> _What this task involves_
Pictures within the data are to be left out; everything else must be reproduced exactly.

> _Input data_
=== Begin Enclosure ===

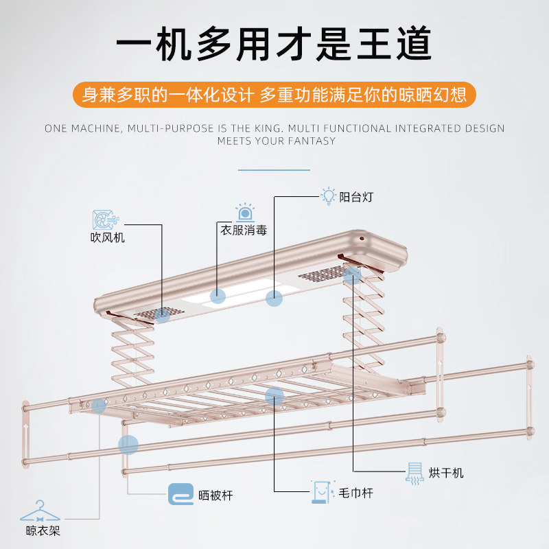 名族好太太全自动升降杆阳台电动语音家用烘干壁控双排智能晾衣架
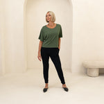 The Everyday Boxy Tee in solid colours is made from bamboo/cotton stretch jersey.
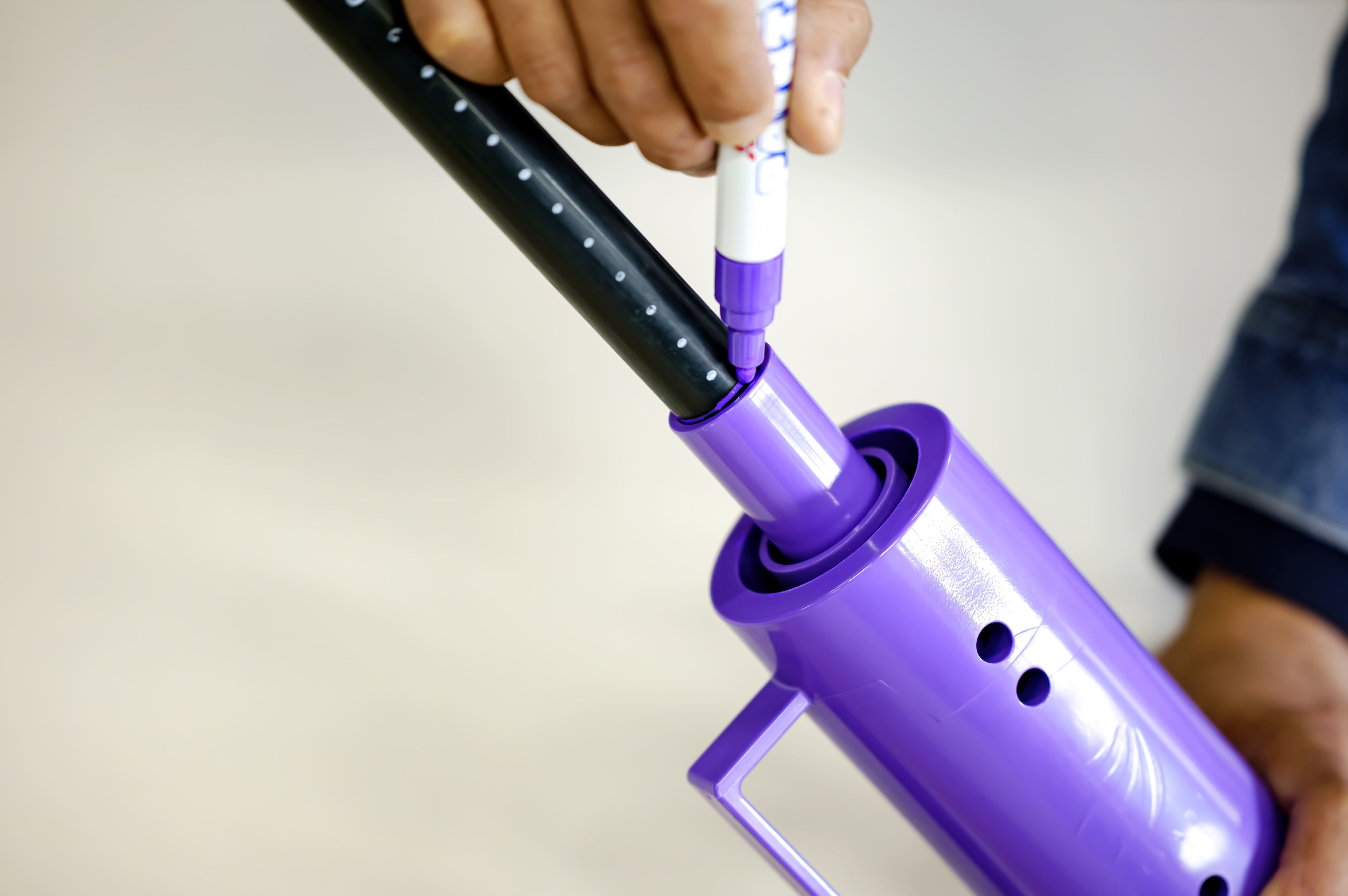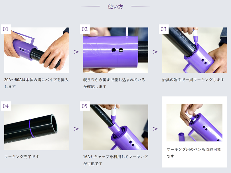 一周かんたん君は、誰でも・簡単・迅速に、塩ビ配管のマーキング作業ができる治具です。適合する溝にパイプを差し込んでマーキングするだけの簡単構造で、 1カ所7秒の早業で正確に美しい線を引くことができます。 さらに、1周(全周)マーキングを可能にしたため視認性が高いのが特徴です。

=== End Enclosure ===

> _Response area_
 名族好太太全自动升降杆阳台电动语音家用烘干壁控双排智能晾衣架
 The Everyday Boxy Tee in solid colours is made from bamboo/cotton stretch jersey.
 一周かんたん君は、誰でも・簡単・迅速に、塩ビ配管のマーキング作業ができる治具です。適合する溝にパイプを差し込んでマーキングするだけの簡単構造で、 1カ所7秒の早業で正確に美しい線を引くことができます。 さらに、1周(全周)マーキングを可能にしたため視認性が高いのが特徴です。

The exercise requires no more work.